> **EXERCISE BRIEF**
Within the entries below, output exactly the lines between the line containing "试验机由底座、液压机构、升降平台及百分表变形测量装置等组成。" and the line containing "실크 스카프 여자의 봄과", inclusive, and omit any picture.

---------- RECORDS FOR THIS EXERCISE ----------

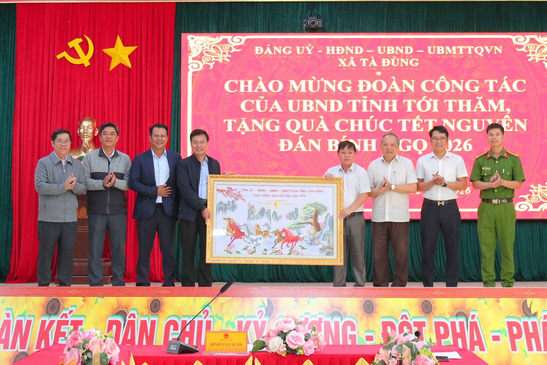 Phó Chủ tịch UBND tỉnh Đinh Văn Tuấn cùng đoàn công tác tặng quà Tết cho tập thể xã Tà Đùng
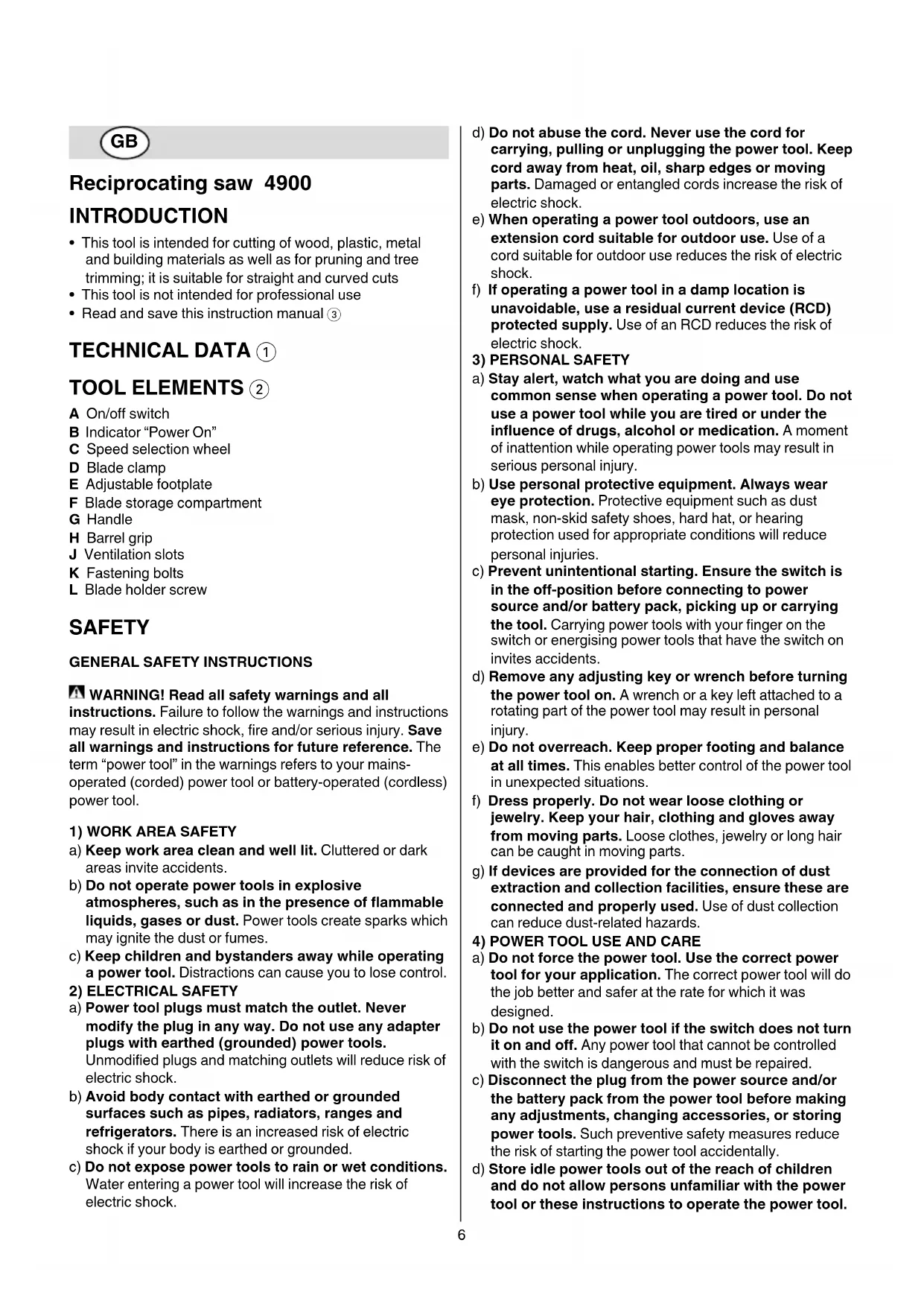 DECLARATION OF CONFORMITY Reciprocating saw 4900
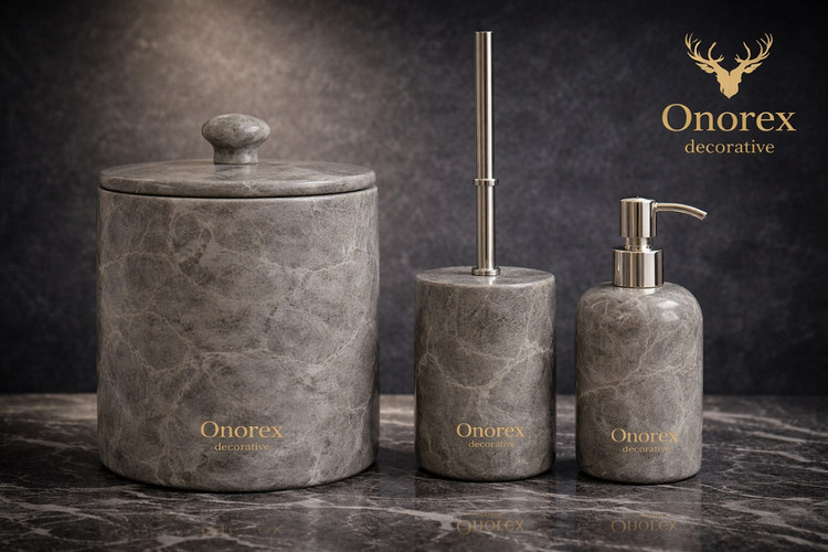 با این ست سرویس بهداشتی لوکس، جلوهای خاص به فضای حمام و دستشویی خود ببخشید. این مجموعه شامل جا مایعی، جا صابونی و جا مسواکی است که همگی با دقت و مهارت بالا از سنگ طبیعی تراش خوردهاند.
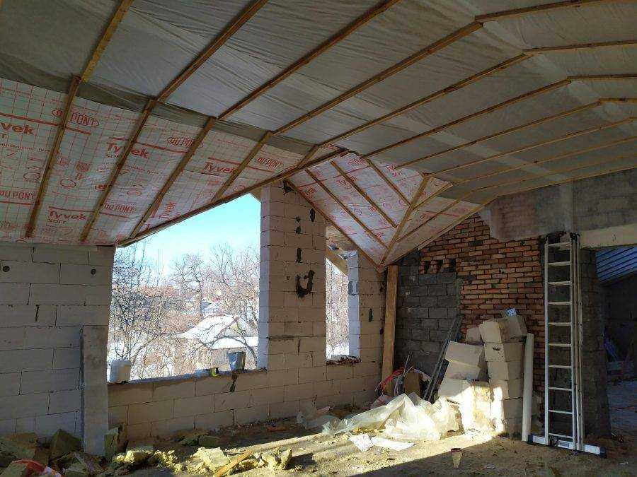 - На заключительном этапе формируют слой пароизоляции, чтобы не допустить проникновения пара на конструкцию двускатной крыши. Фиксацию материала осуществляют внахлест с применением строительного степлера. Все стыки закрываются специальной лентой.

----------
---------- RECORDS FOR THIS EXERCISE ----------

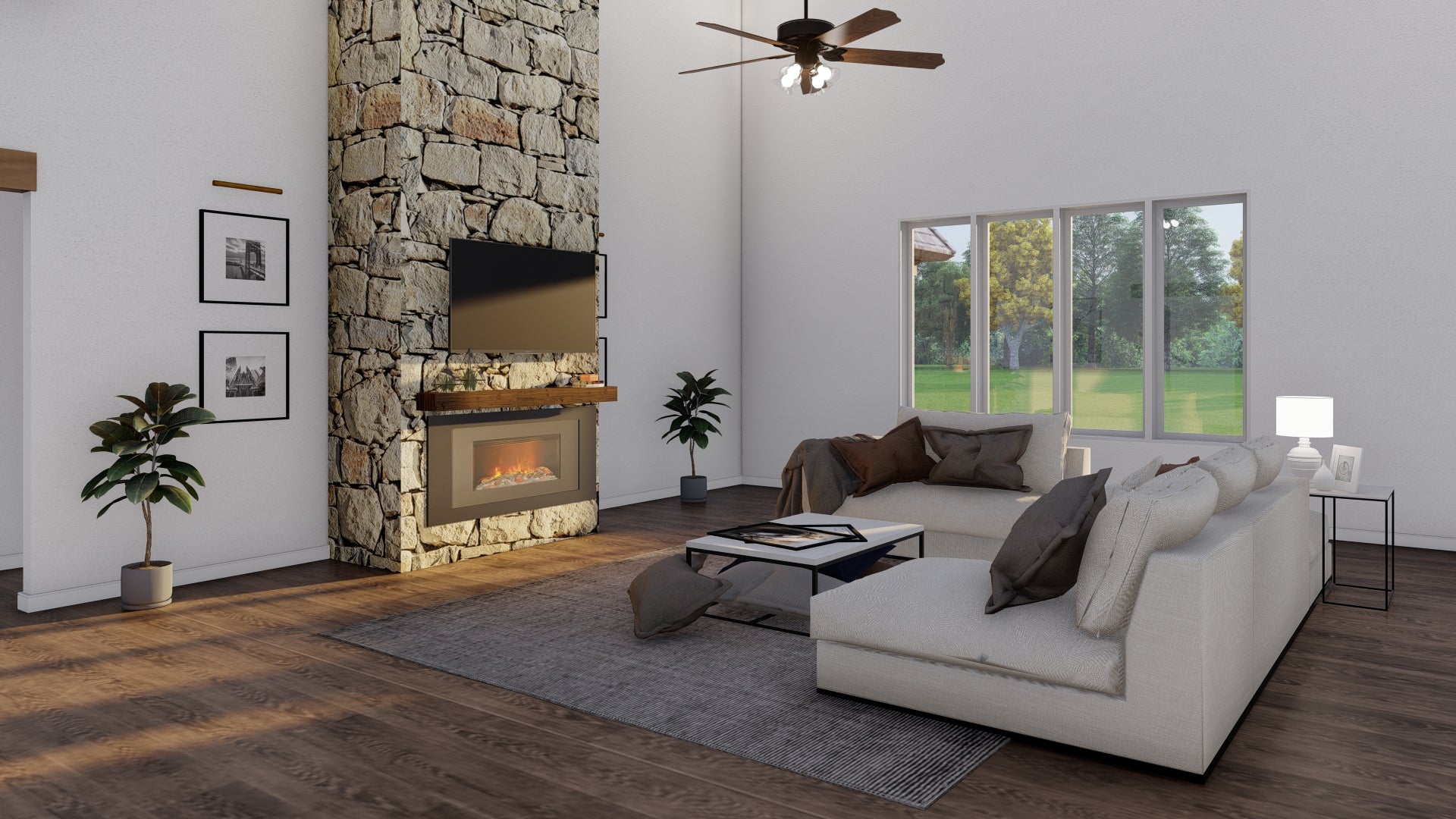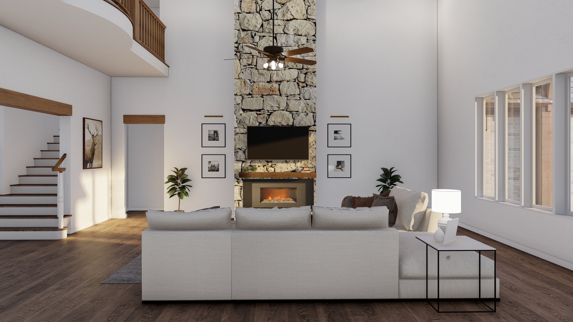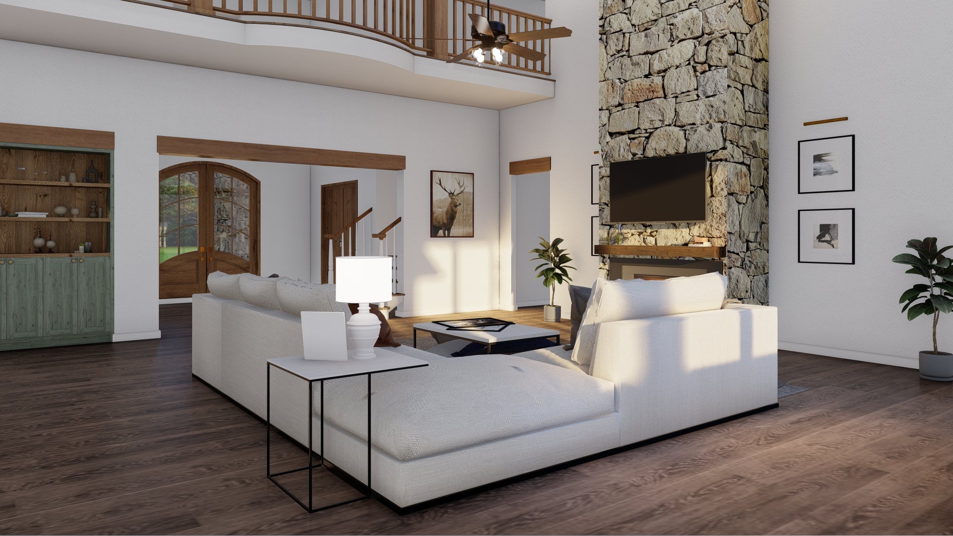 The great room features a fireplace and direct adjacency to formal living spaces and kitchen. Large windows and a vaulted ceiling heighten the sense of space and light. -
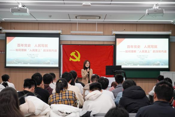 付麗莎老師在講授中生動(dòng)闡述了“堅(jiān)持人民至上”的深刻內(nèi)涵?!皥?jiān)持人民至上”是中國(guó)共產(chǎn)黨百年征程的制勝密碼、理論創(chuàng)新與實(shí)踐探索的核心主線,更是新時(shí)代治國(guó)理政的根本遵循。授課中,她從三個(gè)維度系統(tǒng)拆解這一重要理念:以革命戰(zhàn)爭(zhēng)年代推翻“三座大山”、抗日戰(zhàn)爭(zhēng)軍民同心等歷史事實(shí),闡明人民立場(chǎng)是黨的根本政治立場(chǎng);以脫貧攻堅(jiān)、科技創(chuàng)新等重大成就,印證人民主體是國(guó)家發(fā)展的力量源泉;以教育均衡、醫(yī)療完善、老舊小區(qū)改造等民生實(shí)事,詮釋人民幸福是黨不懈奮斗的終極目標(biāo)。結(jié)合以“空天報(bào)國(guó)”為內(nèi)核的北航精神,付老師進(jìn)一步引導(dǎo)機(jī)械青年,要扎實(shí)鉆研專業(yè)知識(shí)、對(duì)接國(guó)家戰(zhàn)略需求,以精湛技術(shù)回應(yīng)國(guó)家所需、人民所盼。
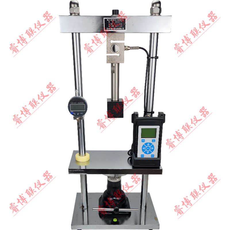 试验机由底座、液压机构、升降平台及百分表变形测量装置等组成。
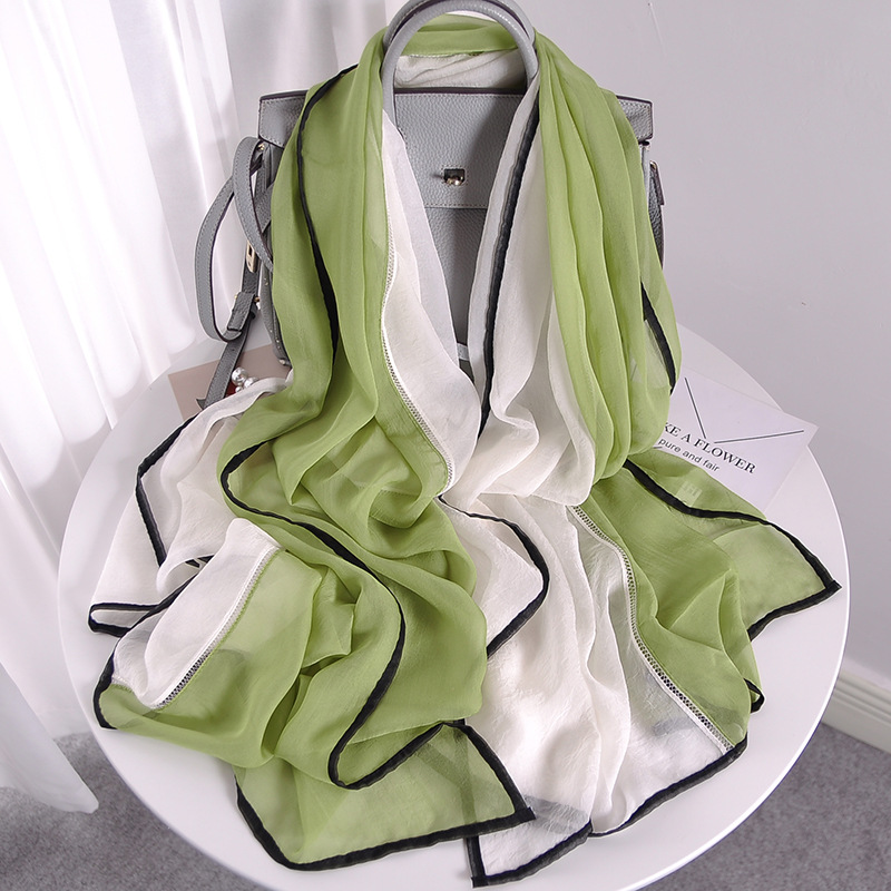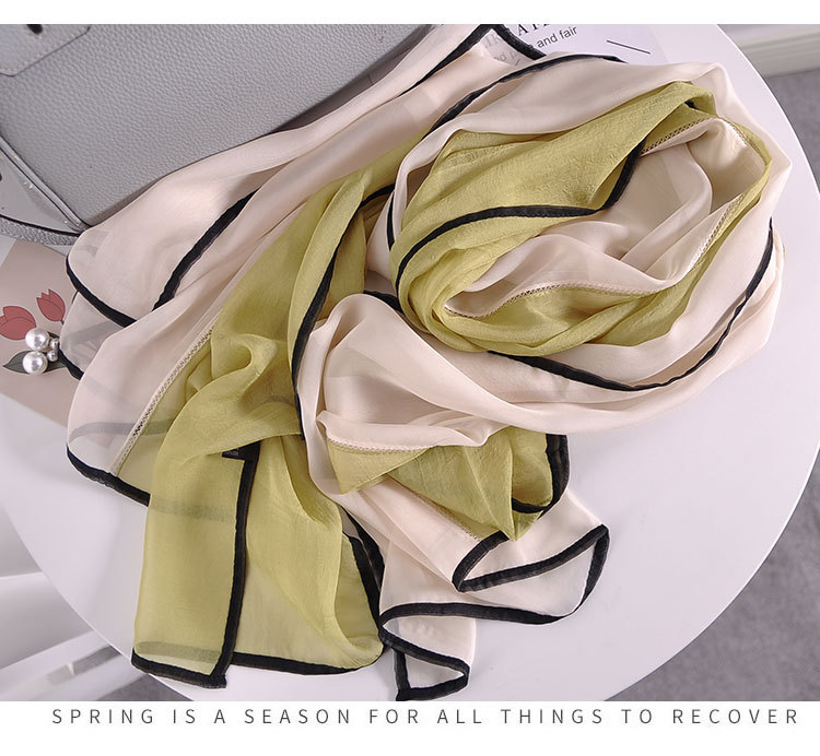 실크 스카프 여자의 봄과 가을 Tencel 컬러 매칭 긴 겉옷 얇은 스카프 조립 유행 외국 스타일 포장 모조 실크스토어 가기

----------
---------- RECORDS FOR THIS EXERCISE ----------

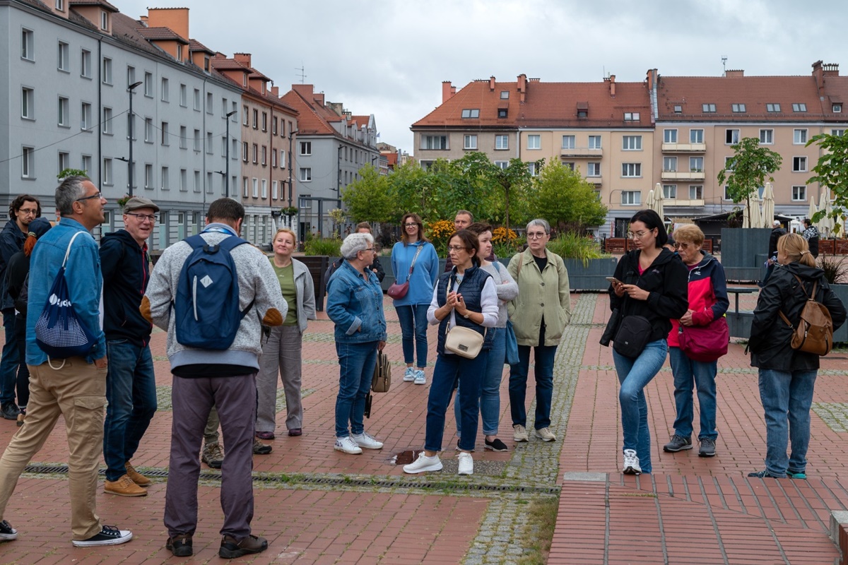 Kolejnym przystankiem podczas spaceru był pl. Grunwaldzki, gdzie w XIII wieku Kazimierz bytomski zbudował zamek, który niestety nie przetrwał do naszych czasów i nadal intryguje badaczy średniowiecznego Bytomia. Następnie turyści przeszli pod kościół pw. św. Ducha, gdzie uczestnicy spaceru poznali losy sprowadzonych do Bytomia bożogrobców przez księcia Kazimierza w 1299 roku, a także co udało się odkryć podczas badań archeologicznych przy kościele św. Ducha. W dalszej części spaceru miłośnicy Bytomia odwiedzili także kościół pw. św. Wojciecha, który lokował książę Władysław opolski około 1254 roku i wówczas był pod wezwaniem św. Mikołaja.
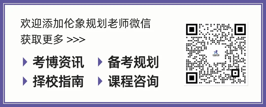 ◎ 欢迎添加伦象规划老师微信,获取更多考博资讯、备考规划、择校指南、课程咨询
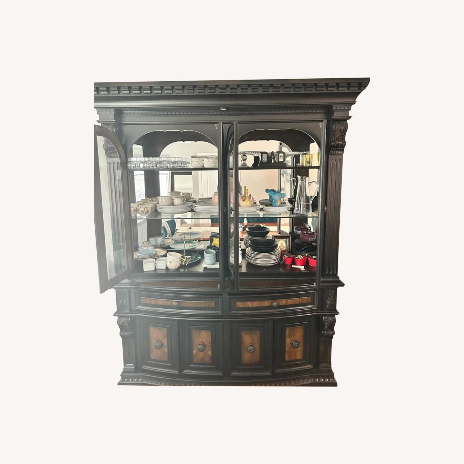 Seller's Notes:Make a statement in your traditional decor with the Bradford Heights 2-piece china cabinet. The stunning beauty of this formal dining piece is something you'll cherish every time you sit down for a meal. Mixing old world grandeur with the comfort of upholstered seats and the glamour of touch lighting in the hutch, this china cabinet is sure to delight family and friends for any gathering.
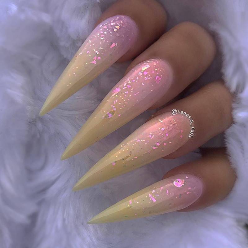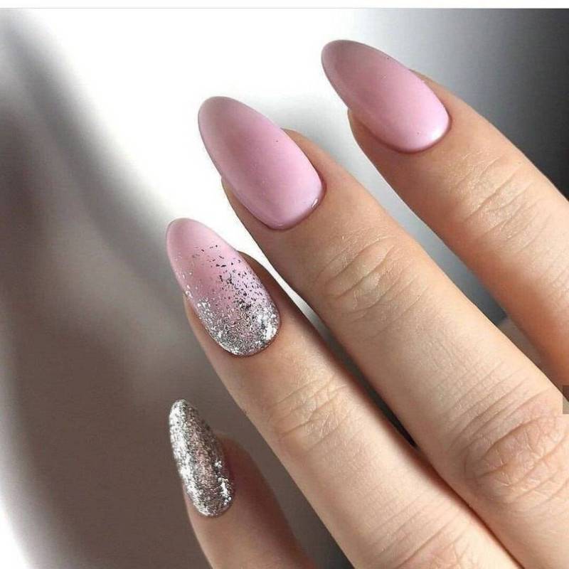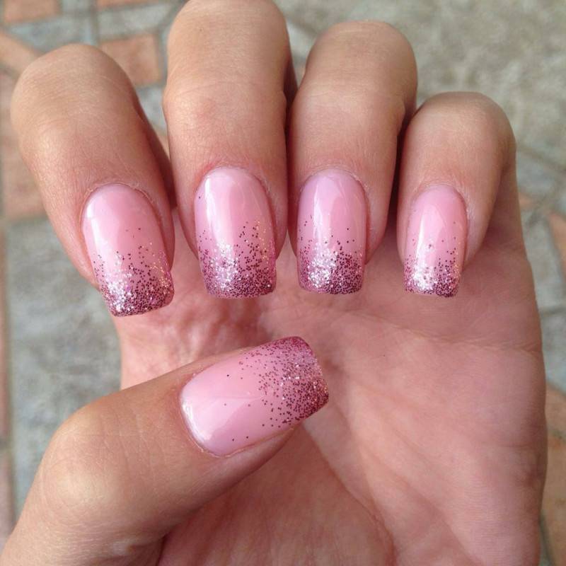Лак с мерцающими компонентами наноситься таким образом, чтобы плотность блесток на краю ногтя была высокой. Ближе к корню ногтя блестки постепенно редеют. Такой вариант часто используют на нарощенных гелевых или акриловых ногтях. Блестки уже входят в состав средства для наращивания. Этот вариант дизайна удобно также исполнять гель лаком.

----------

> **EXPECTED OUTPUT**
 试验机由底座、液压机构、升降平台及百分表变形测量装置等组成。
 실크 스카프 여자의 봄과 가을 Tencel 컬러 매칭 긴 겉옷 얇은 스카프 조립 유행 외국 스타일 포장 모조 실크스토어 가기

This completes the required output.